I have tried exporting a 32 bit version of the engine file from my desktop and running it on the Jetson with TensorRT in python with runtime.deserialize_cuda_engine(f.read())
this yields:
Reading engine from file model.step-25000.engine
[11/17/2022-15:07:26] [TRT] [E] 1: [stdArchiveReader.cpp::StdArchiveReader::40] Error Code 1: Serialization (Serialization assertion stdVersionRead == serializationVersion failed.Version tag does not match. Note: Current Version: 213, Serialized Engine Version: 205)
[11/17/2022-15:07:26] [TRT] [E] 4: [runtime.cpp::deserializeCudaEngine::49] Error Code 4: Internal Error (Engine deserialization failed.)

I have tried exporting an int8 version from TAO, then running it through tao-convert on the orin and attempting to load the resulting file. It seems to take in 32 bit float input (which makes no sense to me) and returns zero detections. (The outputs are also undocumented, so I’m not entirely sure how to interpret them. Is there any source available for how TAO runs the model?)

I have tried reading the etlt file directly into deepstream. There is no example file for this anywhere, but following examples in the TLT user guide, I trie d running deepstream-app with a custom configuration file. that yielded:

:00:00.221617212  9295 0xaaaadbbdf130 INFO                 nvinfer gstnvinfer.cpp:646:gst_nvinfer_logger:<primary_gie> NvDsInferContext[UID 1]: Info from NvDsInferContextImpl::buildModel() <nvdsinfer_context_impl.cpp:1923> [UID = 1]: Trying to create engine from model files
WARNING: [TRT]: The implicit batch dimension mode has been deprecated. Please create the network with NetworkDefinitionCreationFlag::kEXPLICIT_BATCH flag whenever possible.
ERROR: [TRT]: 3: conv1/Conv2D:kernel weights has count 3528 but 0 was expected
ERROR: [TRT]: 4: conv1/Conv2D: count of 3528 weights in kernel, but kernel dimensions (7,7) with 0 input channels, 24 output channels and 1 groups were specified. Expected Weights count is 0 * 7*7 * 24 / 1 = 0

along with many other errors.

I have no doubt I’m doing something wrong, but neither exporting .engine files or importing .etlt files seems to work.

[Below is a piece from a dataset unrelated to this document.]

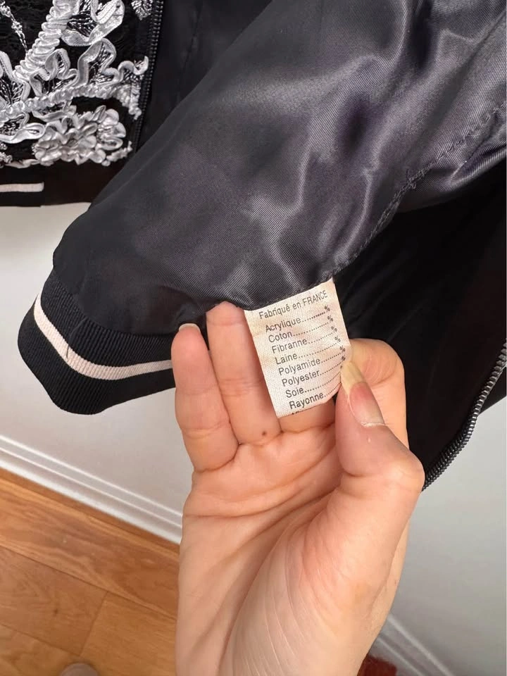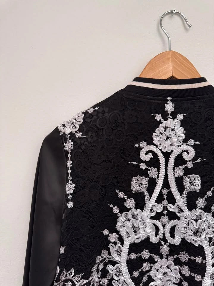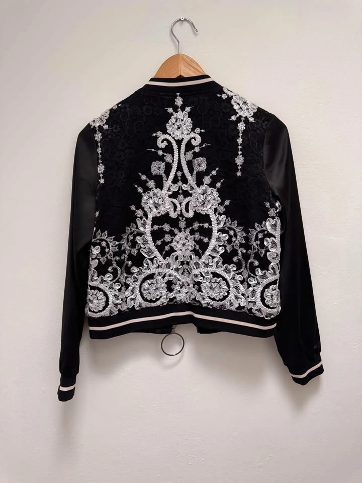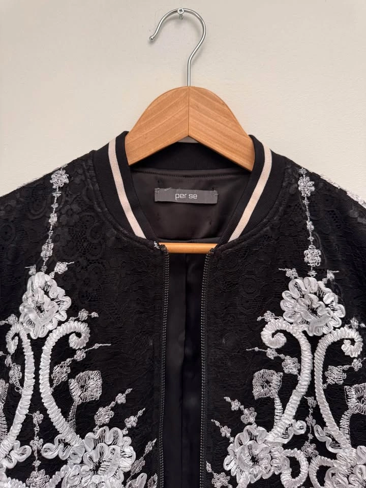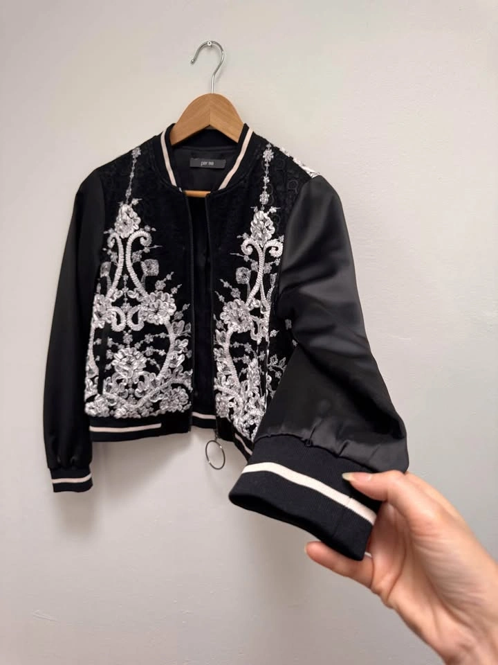 Floral appliqué adorned black Bomber Jacket Size S by Per Se Fits Size S or XS in my opinion Porch pickup Christie St and St. Clair West Ave (Toronto)

In many of my dead-end attempts, I got fatal warnings about implicit batch size not being implimented in the model. I suspect that my attempts to export .engine files were foiled because of mismatching TRT versions on the Jetson (which only supports up to 8.4.1) and TAO (which is on 8.5 I think).

I am running the most recent release of TAO (downloaded yesterday).
I am trying to run on an Orin Jetson devkit, which I just upgraded to JetPack 5.0.2.

Can anyone point me at a complete working system to run Mask RCNN on jetson? Eventually I’ll want it running in my own codebase, so the deepstream-app route is not ideal, but I want to start with anything that works.

Thanks,
Nathaniel Tagg

The error in the log implicates that the mismatching version of trt version. For example, if you build a tensorrt engine with trt 8.2 version , but run inference under trt 8.4 environment, the error will happen.
So, if you are going to run inference in Jetson device, please download Jetson version of tao-converter and run it against the .etlt model to generate a tensorrt engine. Refer to the command MaskRCNN — TAO Toolkit 3.22.05 documentation

To run a maskrcnn model with deepstream, please refer to user guide
MaskRCNN — TAO Toolkit 3.22.05 documentation and then follow peoplesegnet in GitHub - NVIDIA-AI-IOT/deepstream_tao_apps: Sample apps to demonstrate how to deploy models trained with TAO on DeepStream. Peoplesegnet is a purpose-build model which is based on Mask_rcnn network. As mentioned in user guide, users can config the .etlt model or tensorrt engine in the config file.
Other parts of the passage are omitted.